*** Supplied data Section Begins ***

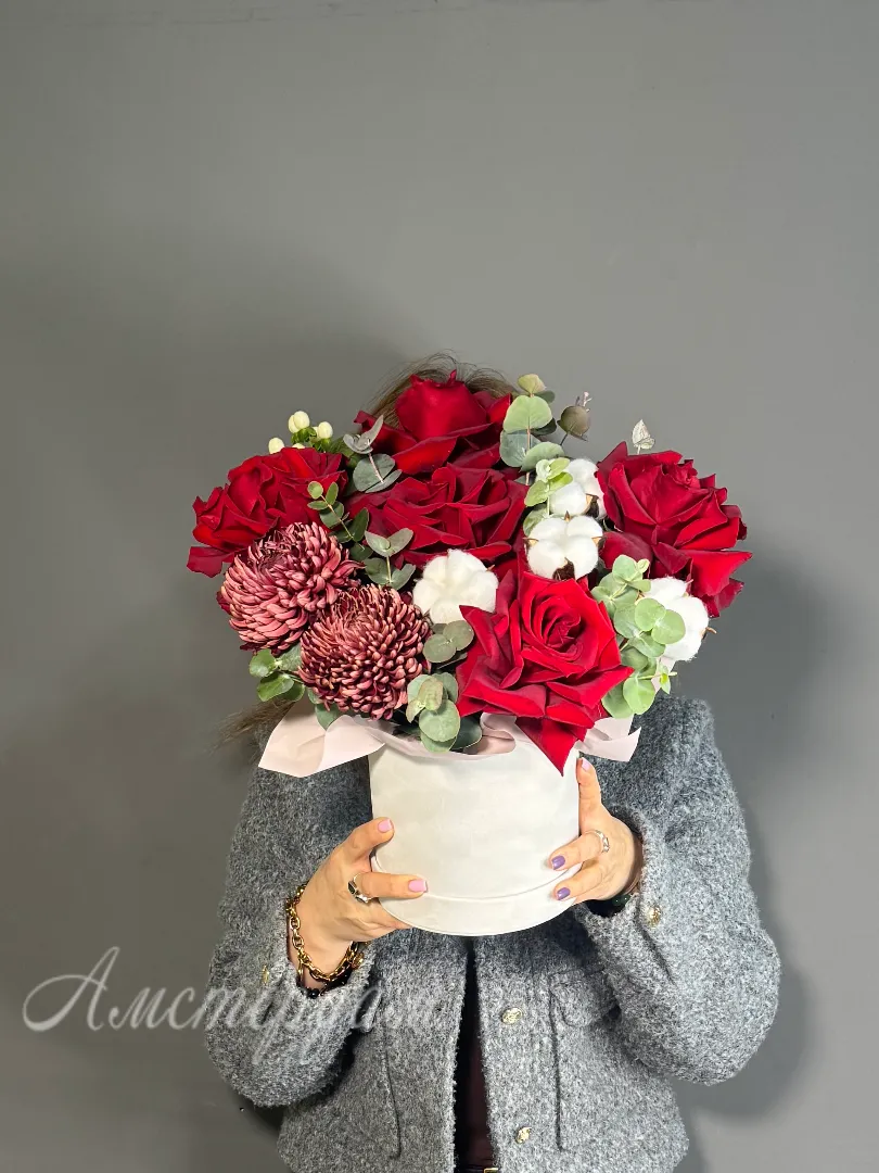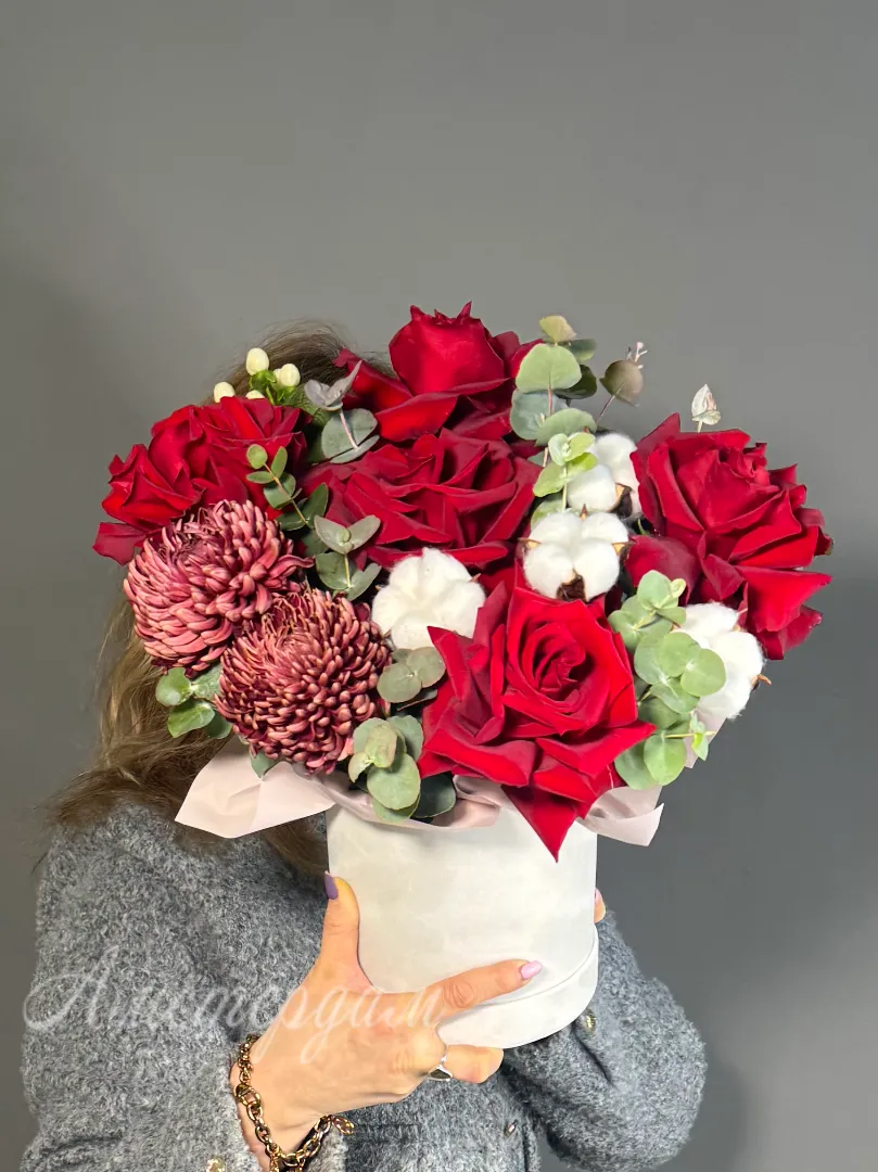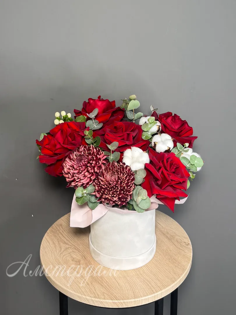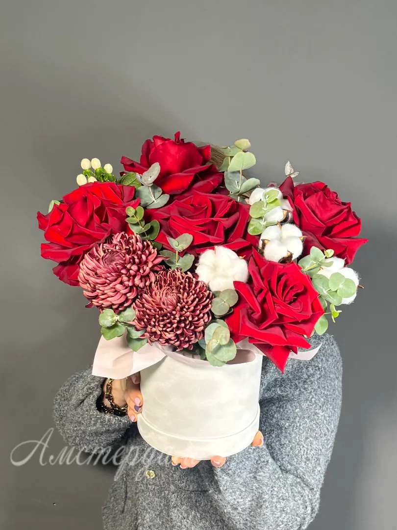 Шикарная коробка с французскими розами, хризантемой и хлопком
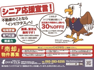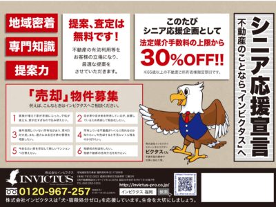この度シニア応援企画として、法定媒介手数料の上限から30%OFFさせて頂きます!(※65歳以上の不動産ご所有者様限定割引です。) ご所有の不動産の売却、住み替え等お考えの方、今後のことについて
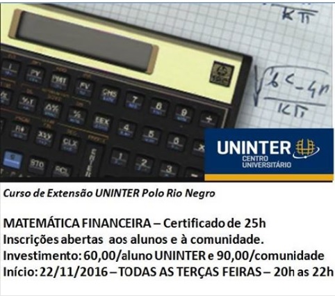O polo de Rio Negro do Centro Universitário Internacional (Uninter) vem se destacando como “polo proativo”. Ao longo de 2016 proporcionou aos seus alunos e a comunidade cursos de extensão, como palestras interativas, cursos, oficinas e fóruns, tanto a distância, como presenciais.
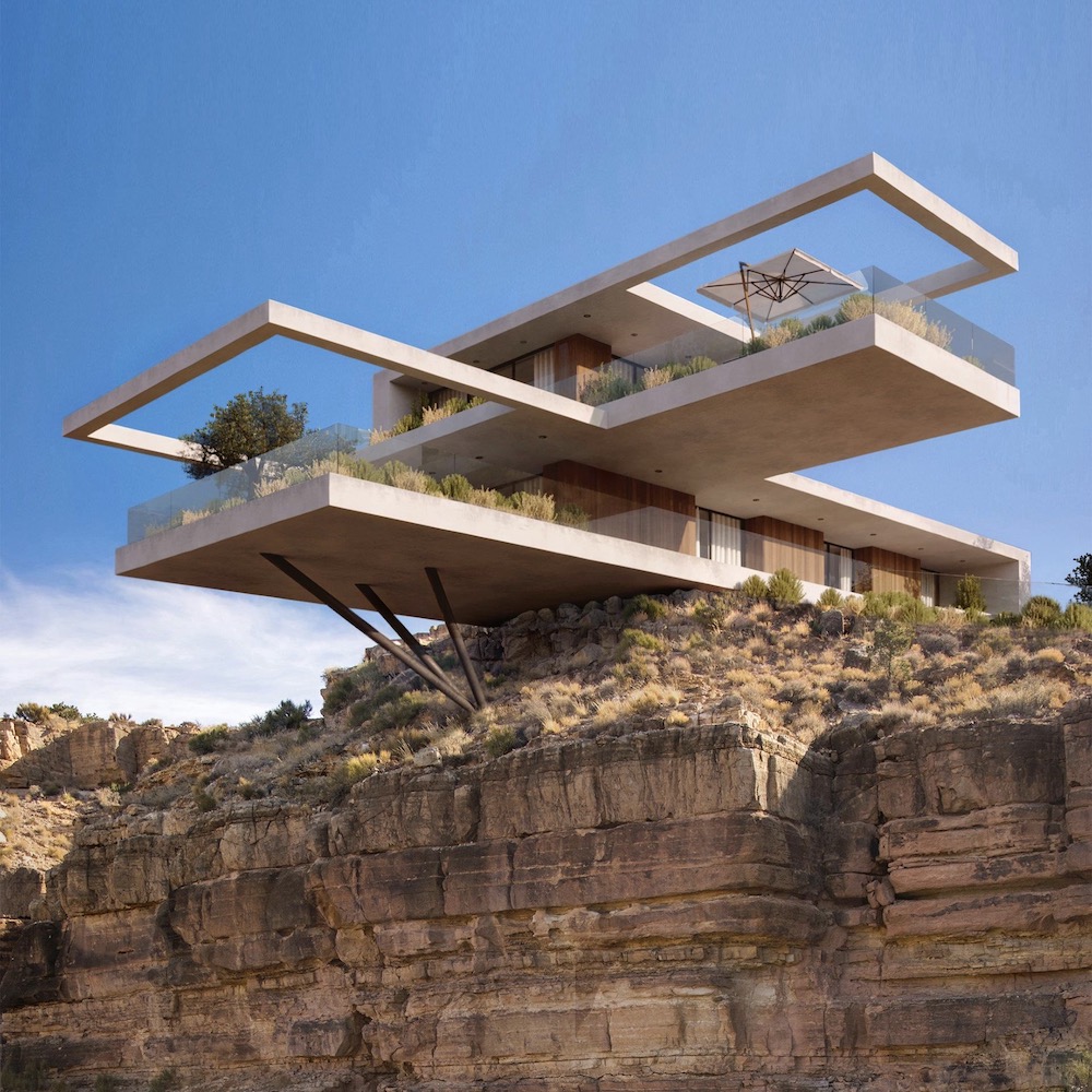 Presently architects are pushing the boundaries with more industrial fabrics and innovative designs. Previously they would have to await completion of the project before employing a professional photographer to take images. However, in the digital world, we live in architects can now create insane concepts using computer-generated images (CGI). Essentially, this means there are no boundaries at all. One of the most popular genres at the moment are clifftop houses. I’ve seen many insane visuals on popular social media sites like Facebook, Instagram and LinkedIn. At first glance, you could be deceived into thinking these were real-life homes. The attention to detail is exceptional and the quality is super realistic.
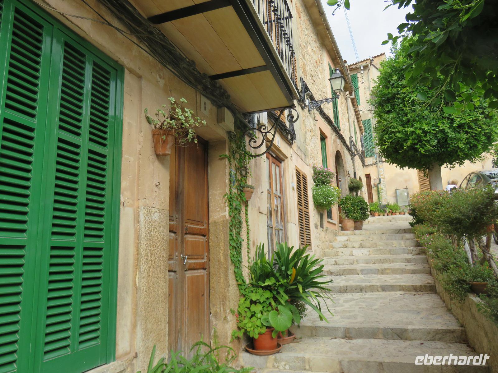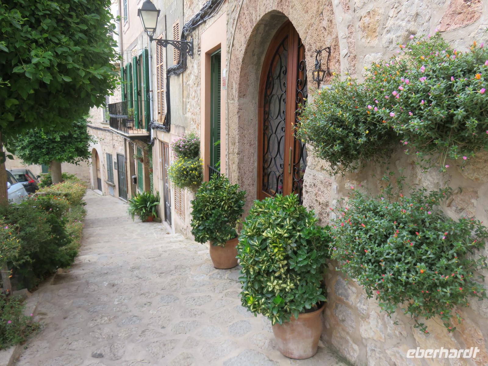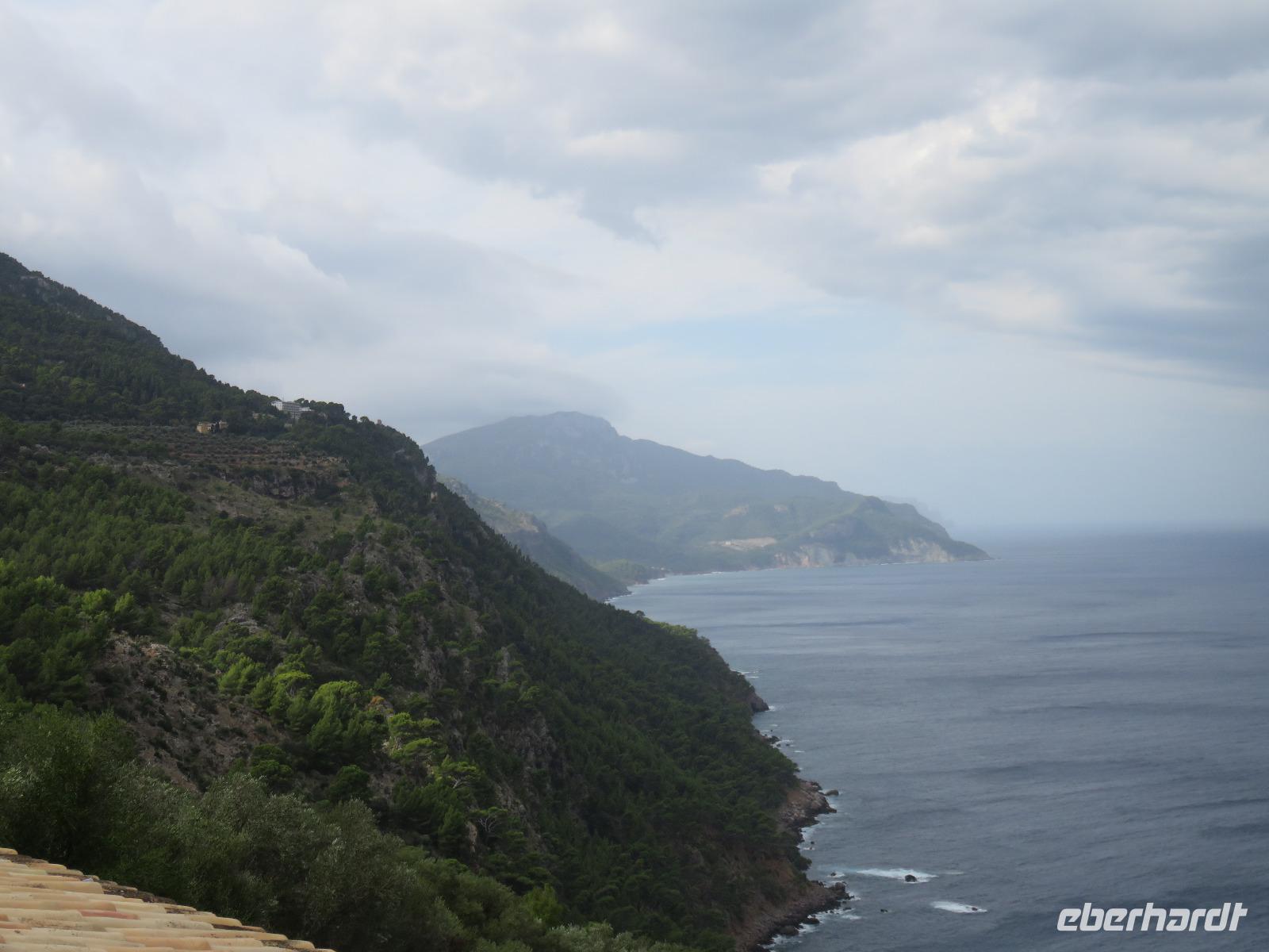 Der Himmel zeigte sich bewölkt, es hatte in der Nacht geregnet, sollte Magdalena recht haben, und der Tag verregnet werden? Pünktlich 9 Uhr starteten wir zu unserer Inselrundfahrt. Erste Station war das Bergdorf Valldemossa, einst Zufluchtsort von Frederic Chopin und George Sand. Die Autorin schrieb hier ihre berühmte Beschreibung „Ein Winter auf Mallorca" von 1838. Chopin komponierte einige seiner schönsten Préluden, zum Beispiel die Regentropfen-Prélud. Wir bummelten durch die engen, blumengeschmückten Gassen des Dorfes rund um das ehemalige Kartäuserkloster und die Kirche St. Bartolomä. Hier scheint die Zeit fast stillzustehen und wir gehörten zu den ersten Besuchern des noch jungen Tages. Daher konnten wir die besondere Atmosphäre des Ortes aufnehmen.Waren wir über die Höhen des Tramuntana-Gebirges gekommen, so fuhren wir nun an die Küste und blickten am Aussichtpunkt auf die Gelöcherte, den Felsen mit Loch, weiter zum Künstlerort Deia mit seinen kleinen und großen Hotels und den vielen Terrassen und schließlich nach Port Sollér. Es blieb uns Zeit für einen Bummel an der Uferpromenade oder bis hinauf zum Aussichtspunkt auf das offene Meer: Ein Muss für jeden Besucher! Doch welch ein Schreck unser Bus war bereits abgefahren - planmäßig. Wir wählten im Glanz der milden Sonne die alte Straßenbahn, um nach Sollér zu gelangen. Ein Zug ganz für unsere Reisegruppe, dazu die ältesten Waggons, mit offenen Seiten, noch die Sommerversion, es ratterte und rüttelte ganz angenehm. Über die Gipfelkanten des Tramuntana-Gebirges wallten dicke, schwarze Wolken herunter in den großen weiten Talkessel. Während unserer Mittagspause hörten wir erstes zartes Grollen aus der Ferne, dann gab es einen Schauer - niemand ahnte zu diesem Zeitpunkt, dass es nur Vorboten waren. Schnell einen Blick in die schmucke, barockausgestattete Pfarrkirche St. Bartolomä von Sollér und ein Foto, wie die Straßenbahn direkt über den Marktplatz fährt ... Unser Fußweg zum Bus wurde durch ein Unwetter sehr nass und unangenehm. Trotz Regenschirm oder Regenbekleidung war es kein guter Abschied von Sollér. Auf dem Weg zur Bodega des Weingutes Taujana mit Winzer Sebastian und seiner Familie sahen wir, welche Wassermassen abgeregnet wurden. Nach der Probe der vollmundigen Rot- und Roséweine sowie einiger Spezialitäten der Insel fuhren wir schließlich zurück nach Mallorca.

*** Supplied data Section Ends ***

→ **What you need to do**: Both the line above containing "O polo de Rio" and the line containing "Presently architects are" belong in the copy, along with every line between them; print these exactly and omit the pictures.

→ **Task result**:
O polo de Rio Negro do Centro Universitário Internacional (Uninter) vem se destacando como “polo proativo”. Ao longo de 2016 proporcionou aos seus alunos e a comunidade cursos de extensão, como palestras interativas, cursos, oficinas e fóruns, tanto a distância, como presenciais.
 Presently architects are pushing the boundaries with more industrial fabrics and innovative designs. Previously they would have to await completion of the project before employing a professional photographer to take images. However, in the digital world, we live in architects can now create insane concepts using computer-generated images (CGI). Essentially, this means there are no boundaries at all. One of the most popular genres at the moment are clifftop houses. I’ve seen many insane visuals on popular social media sites like Facebook, Instagram and LinkedIn. At first glance, you could be deceived into thinking these were real-life homes. The attention to detail is exceptional and the quality is super realistic.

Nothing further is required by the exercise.